■ HOW TO COMPLETE THIS TASK: Nothing but the images is to be left out of your exact copy of the entries.

============================================================

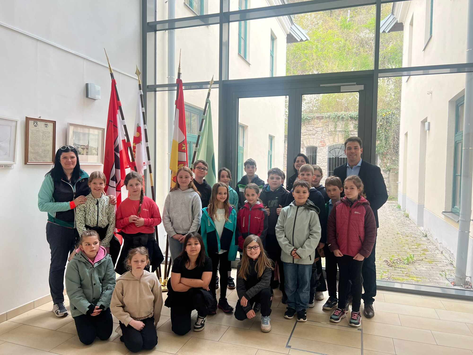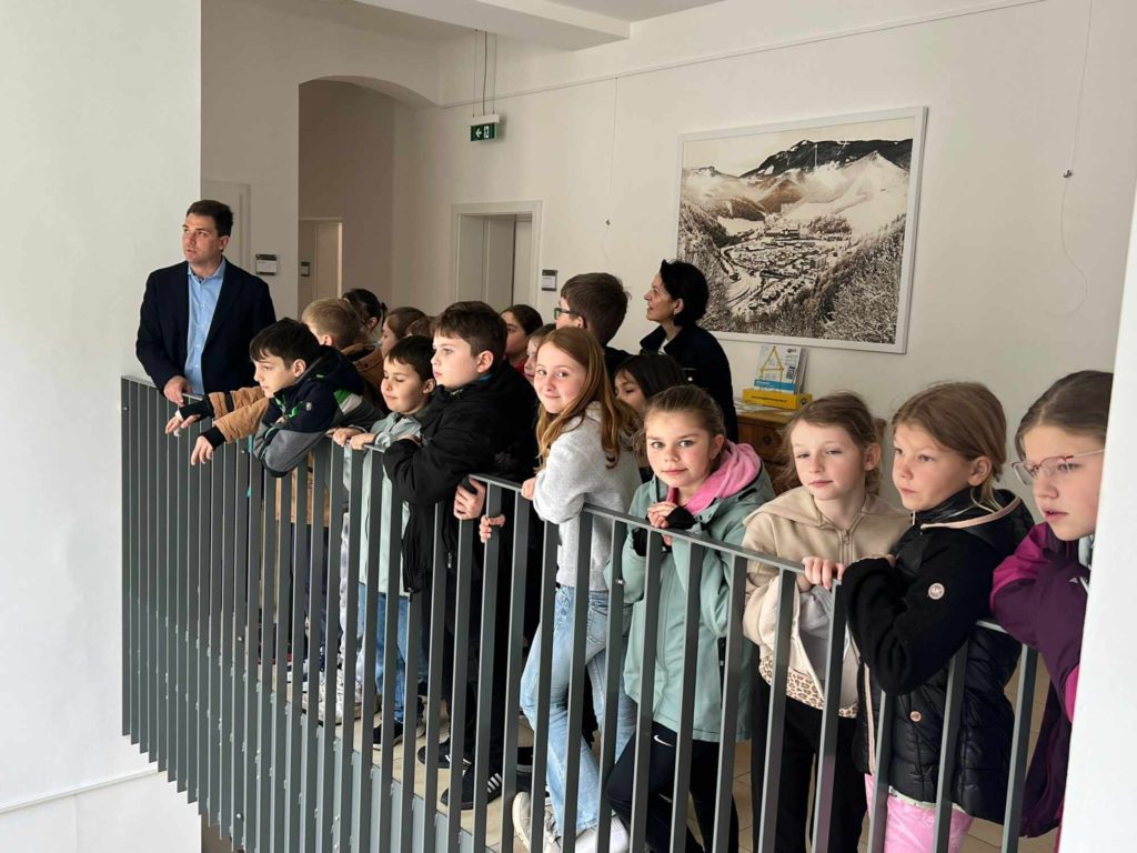 Am 13. April 2026 besuchte die 3. Klasse der Volksschule im Rahmen des Unterrichts das Gemeindeamt. Dort hatten die Kinder die besondere Gelegenheit, den Bürgermeister unserer Stadtgemeinde, Herrn Mag. Manuel Aichberger, persönlich kennenzulernen. Schon beim Betreten des Gebäudes war die Aufregung groß, und die Neugier auf die Arbeit in der Gemeinde deutlich spürbar.
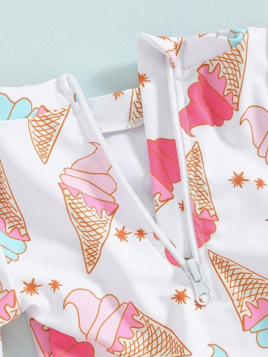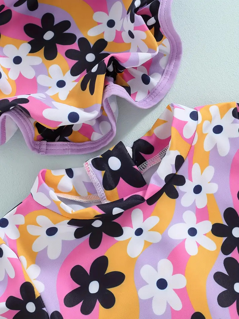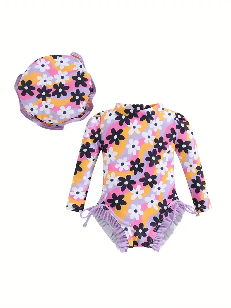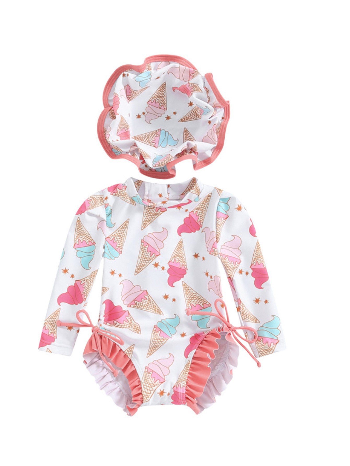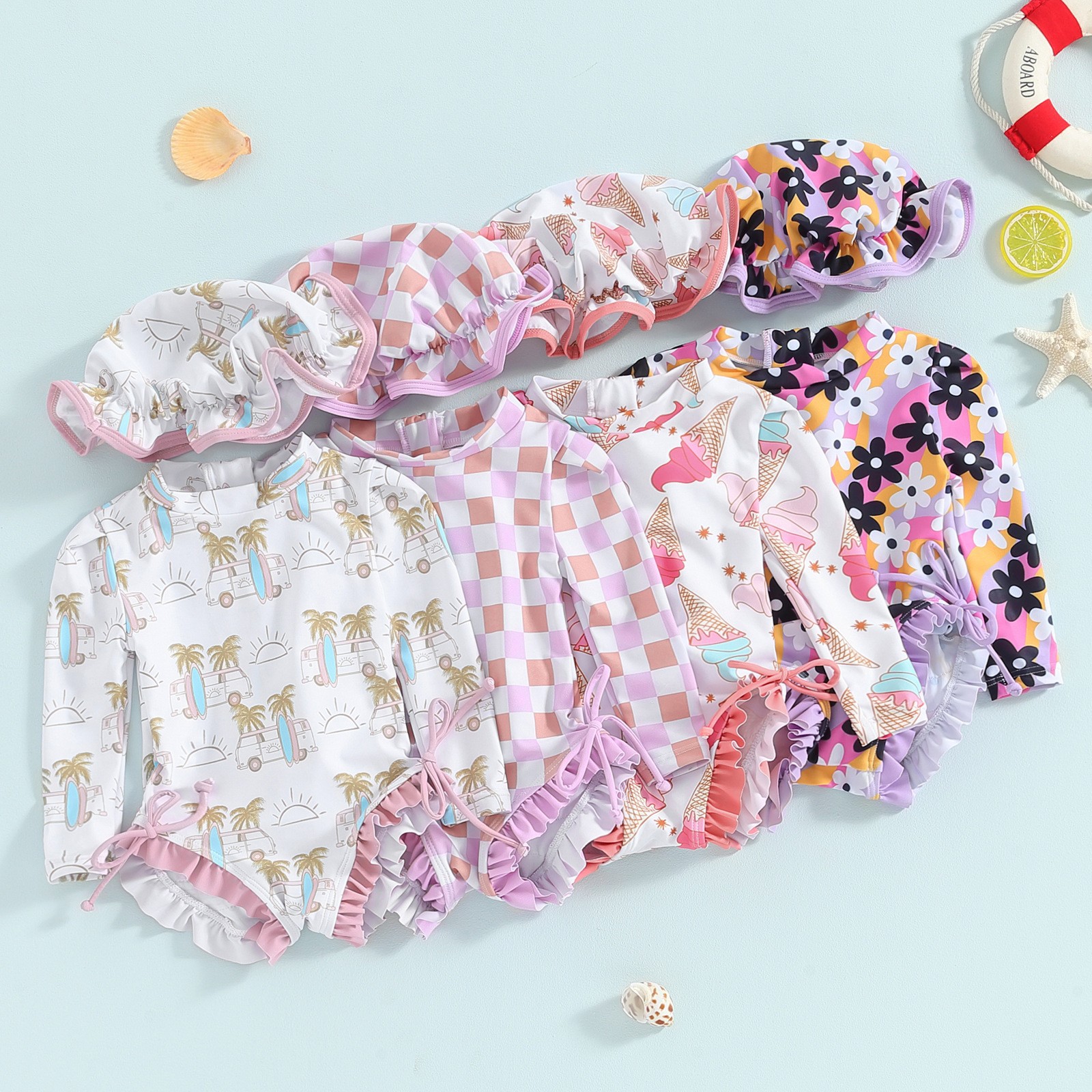 20240 국경 어린이 귀여운 주름 아기 원피스 수영복 인쇄 패션 스타일
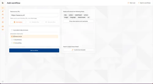 De kern van Kadoa is simpel: je geeft aan waar de gegevens vandaan moeten komen, en de tool haalt ze automatisch op. Websites, pdf’s, zelfs databases alles kan. En wat mij opviel, is hoe goed het systeem patronen herkent in de data. Je hoeft niet handmatig elk veld aan te klikken, de tool ziet meestal zelf al welke informatie je nodig hebt.
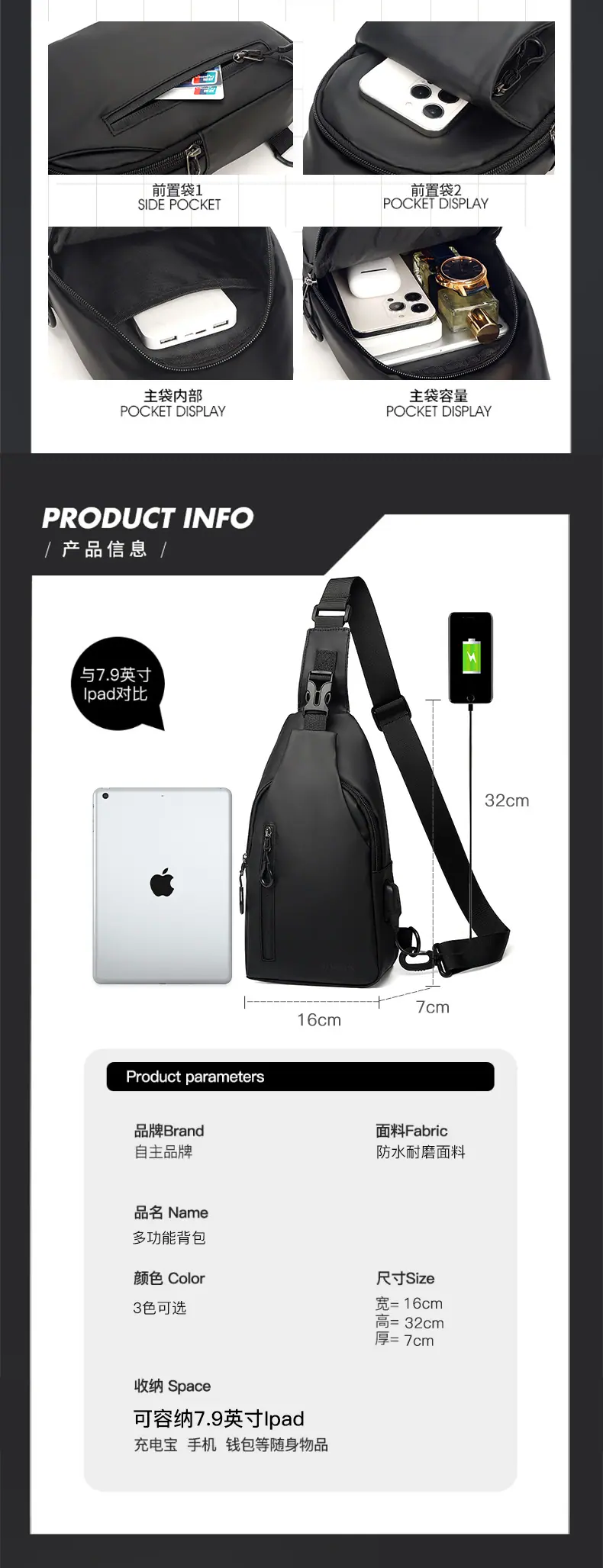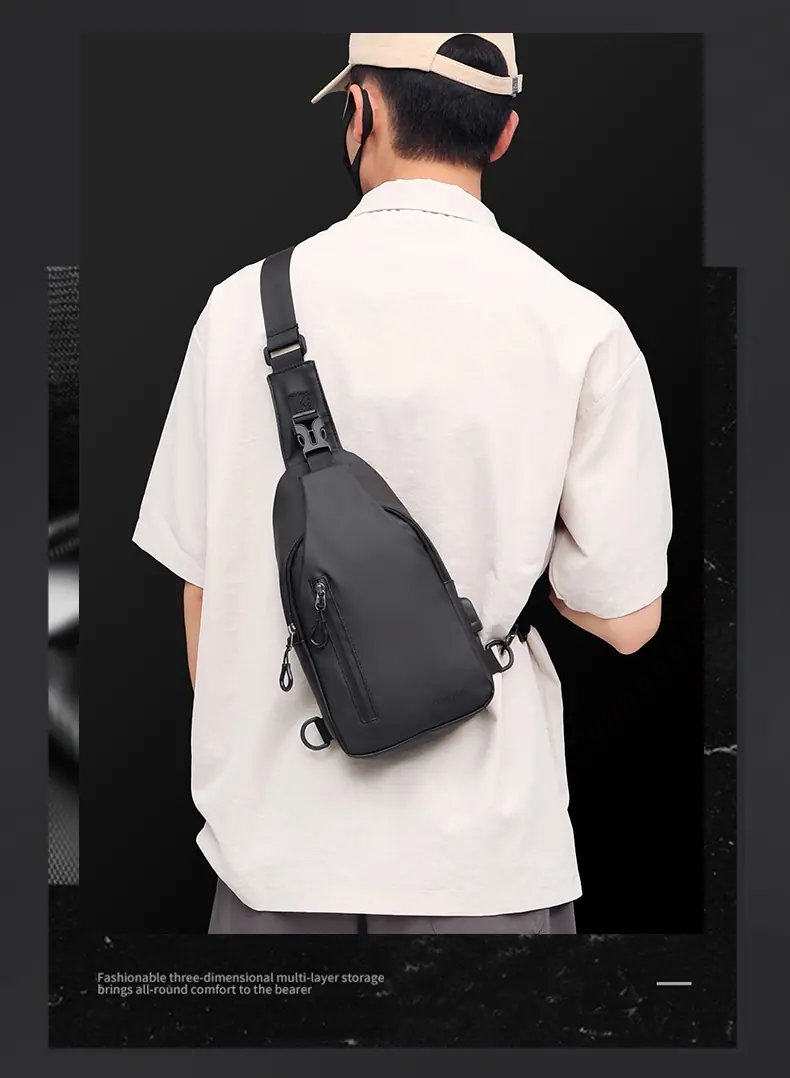 Bolsa de pecho cruzada para hombre de cuero casual color sólido bandolera mochila de moda riñonera moderna bandolera al por mayor
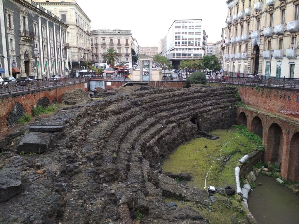 Moja filozofia zwiedzania nie jest mocno skomplikowana. Lubię czerpać doznania wszystkimi zmysłami, bo tylko wtedy zwiedzanie jest kompletne i tylko wtedy jestem w stanie zapamiętać wszystko na długo. Czego szukam zwiedzając? Wszystkiego. To co piękne i brzydkie. Prawdziwe. 29 stycznia kończę 40 lat. Gdzie naładować baterie? Bilety do Katanii już kupione. Lecimy we trójkę: ja, żona i córka. 23 styczeń (środa) Katania Dwa podejścia do lądowania potraktowałem jako dobry omen. Z lotniska Katania Fontanarossa bierzemy Alibusa za 4 euro i za kilkanaście minut jesteśmy już przy Parku Villa Bellini. Kilka minut szybkiego marszu z bagażami, przywraca krążenie w nogach. Meldujemy się na Via Luigi Capuana 27: W wąskiej klatce schodowej mieszają się zapachy kadzidła, ciężkich damskich perfum i starych murów kamienicy. Apartament skromny, ale klimatyczny. Temperatura w środku rześka. Plan na wieczór jest krótki: szybka przekąska, kieliszek wina i spać. Nieopodal mieszkania trafiamy na mały bar Arancineria Espresso Serafino przy Via Musumeci. Zamawiamy klasyczny zapychacz Arancini (1,8 euro za sztukę). Po kilku godzinach spędzonych w powietrzu, pierwsze kęsy są niczym balsam dla duszy, a treściwy ryż z nadzieniem z bakłażana spływa powoli przełykiem, niczym lawa po wulkanicznym stoku. Dzieła wieczornej rozkoszy dopełnia lampka czerwonego Nero d’Avola pod parasolem w barze Città Vecchia. Odpalamy klimę na +30. Pierwsza noc przy Via Capuana upływa przy akompaniamencie podskakującej studzienki kanalizacyjnej. Cykliczne brzdęki po upływie jakiegoś czasu zaczęły działać jak melatonina. Zasypiamy.

============================================================

■ ANSWER SPACE:
 Am 13. April 2026 besuchte die 3. Klasse der Volksschule im Rahmen des Unterrichts das Gemeindeamt. Dort hatten die Kinder die besondere Gelegenheit, den Bürgermeister unserer Stadtgemeinde, Herrn Mag. Manuel Aichberger, persönlich kennenzulernen. Schon beim Betreten des Gebäudes war die Aufregung groß, und die Neugier auf die Arbeit in der Gemeinde deutlich spürbar.
 20240 국경 어린이 귀여운 주름 아기 원피스 수영복 인쇄 패션 스타일
 De kern van Kadoa is simpel: je geeft aan waar de gegevens vandaan moeten komen, en de tool haalt ze automatisch op. Websites, pdf’s, zelfs databases alles kan. En wat mij opviel, is hoe goed het systeem patronen herkent in de data. Je hoeft niet handmatig elk veld aan te klikken, de tool ziet meestal zelf al welke informatie je nodig hebt.
 Bolsa de pecho cruzada para hombre de cuero casual color sólido bandolera mochila de moda riñonera moderna bandolera al por mayor
 Moja filozofia zwiedzania nie jest mocno skomplikowana. Lubię czerpać doznania wszystkimi zmysłami, bo tylko wtedy zwiedzanie jest kompletne i tylko wtedy jestem w stanie zapamiętać wszystko na długo. Czego szukam zwiedzając? Wszystkiego. To co piękne i brzydkie. Prawdziwe. 29 stycznia kończę 40 lat. Gdzie naładować baterie? Bilety do Katanii już kupione. Lecimy we trójkę: ja, żona i córka. 23 styczeń (środa) Katania Dwa podejścia do lądowania potraktowałem jako dobry omen. Z lotniska Katania Fontanarossa bierzemy Alibusa za 4 euro i za kilkanaście minut jesteśmy już przy Parku Villa Bellini. Kilka minut szybkiego marszu z bagażami, przywraca krążenie w nogach. Meldujemy się na Via Luigi Capuana 27: W wąskiej klatce schodowej mieszają się zapachy kadzidła, ciężkich damskich perfum i starych murów kamienicy. Apartament skromny, ale klimatyczny. Temperatura w środku rześka. Plan na wieczór jest krótki: szybka przekąska, kieliszek wina i spać. Nieopodal mieszkania trafiamy na mały bar Arancineria Espresso Serafino przy Via Musumeci. Zamawiamy klasyczny zapychacz Arancini (1,8 euro za sztukę). Po kilku godzinach spędzonych w powietrzu, pierwsze kęsy są niczym balsam dla duszy, a treściwy ryż z nadzieniem z bakłażana spływa powoli przełykiem, niczym lawa po wulkanicznym stoku. Dzieła wieczornej rozkoszy dopełnia lampka czerwonego Nero d’Avola pod parasolem w barze Città Vecchia. Odpalamy klimę na +30. Pierwsza noc przy Via Capuana upływa przy akompaniamencie podskakującej studzienki kanalizacyjnej. Cykliczne brzdęki po upływie jakiegoś czasu zaczęły działać jak melatonina. Zasypiamy.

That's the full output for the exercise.